I’d prefer something more limited in scope but with specific items/requirements, but this is a good start at creating more of an information balance in a market that’s been resistant for awhile.

If that’s actually a picture of the restaurant, I appreciate that the decor does convey French countryside pretty well. I hope there’s a few tasteful nods to people like Henry Ford II, or things like Gurney bubbles, here and there.

Arch Duke Maxyenko
Arch Duke Maxyenko
5 months ago

The dealership rules will probably not actually go into place one the Supreme Court decides to strip the powers of the FTC because their donors don’t like it.

DadBod
DadBod
5 months ago

They aren’t donors, they are friends

Balloondoggle
Balloondoggle
5 months ago

“Add-ons that don’t provide a benefit.”

Who gets to define “benefit”? I bet the deal will try to tell me that certain things are beneficial and I will have a different opinion.

Drew
Drew
5 months ago
Reply to  Balloondoggle

Under the CARS Rule, a dealer may not charge for an add-on product or service if the consumer wouldn’t benefit from it. Examples include charges for “nitrogen-filled tires” that contain no more nitrogen that naturally exists in the air. Other examples are add-ons that don’t provide coverage for the vehicle, the consumer, or the transaction, or are duplicative of the car’s warranty coverage. It would be illegal for a dealer to charge consumers for a GAP Agreement – a term the CARS Rule defines – if the consumer’s vehicle or neighborhood is excluded from coverage or the loan-to-value ratio means the consumer won’t benefit financially from the product or service.

It sounds like they are not talking about things that might arguably have a benefit, just things that clearly have no benefit.

Kevin B
Kevin B
5 months ago

Dealerships are like a flesh-eating bacterium that morphs itself around antibiotics. They will respond with other ways to get your money.

Angrycat Meowmeow
Angrycat Meowmeow
5 months ago

The rules are too open ended, as usual. This won’t stop “sorry sir, the lojack is already installed and the kid in the back lot already spraywaxed it, so unfortunately we can’t remove those charges”. You wanna offer that garbage during the sale, go ahead, but don’t install it beforehand, advertise the car at 36k then sell it for 39k with 3k in add-ons that “can’t be removed”. I walk every time they pull that crap.

Thi
Thi
5 months ago

To be fair, that is when you tell them to take it off or you won’t be making the purchase and will find a dealer who will make the sell without add-ons.

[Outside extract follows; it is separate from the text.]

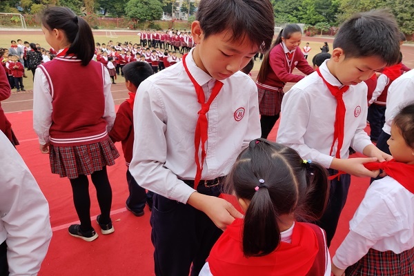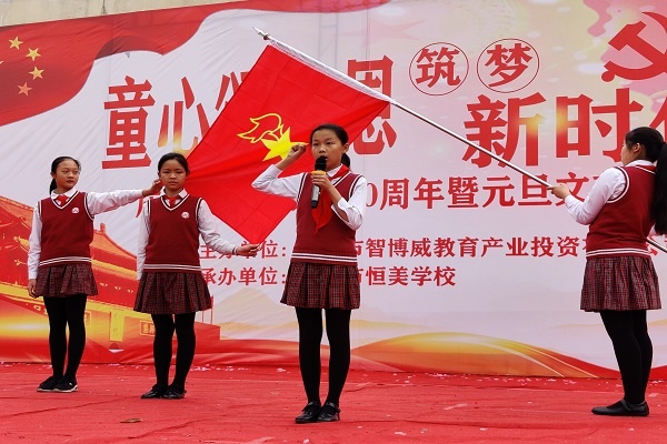 为教育学生继承和发扬中国少年先锋队的光荣传统,培养学生健康向上、积极进取的精神,增强学校少先队组织的力量, 2019年12月31日,恒美学校一年级的100名孩子在学校操场举行了庄严而神圣的少先队入队仪式。
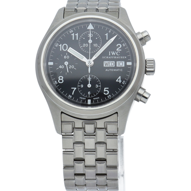 IWCの人気パイロットウォッチ「フリーガー クロノグラフ」。既に生産が終了となりましたが、根強い人気があり、機能性と実用性を兼ね備えた1本。

Most likely won’t budge, but when you walk away you will get a call in a day or two wanting to talk it over.

Brooks Fancher
Brooks Fancher
5 months ago
Reply to  Thi

Did that onetime over financing. Beacon was 824, they came in with a 7.5 apr on a certified used car. Went to walk and then they miraculously found a 3.9% apr.

BOSdriver
BOSdriver
5 months ago
Reply to  Thi

Did this one a VW Atlas a few years ago. The dealer installs a different 3rd brake light that flashes (but never fully dims so still legal) so it catches the attention of the drivers behind you when you brake. I don’t think it was necessarily a bad idea but no way I was paying $350+ for it. I am guessing most of the money goes to the dealer and then the light mfg adds an insurance policy on it so if someone rear ends you, they pay out too. No thanks, I already have insurance. They were a reasonable dealership but instead of removing it, they left it in place and just didn’t activate the insurance portion.

PaysOutAllNight
PaysOutAllNight
5 months ago
Reply to  BOSdriver

That light blinker a really horrible product to be behind in busy traffic. I never cared either way for the idea of it, and thought maybe it would do some good, but I did just find out how awful they are to drive behind on a recent rainy evening.

It’s funny that new car dealers have all settled on $350 for a brake light blinker circuit that retails online for $5.99. That’s 98.29% margin!

SNL-LOL Jr
SNL-LOL Jr
5 months ago
Reply to  BOSdriver

Huh what good would the insurance do? Rear enders are almost always the fault of the driver behind. (I guess I just answered my own question.)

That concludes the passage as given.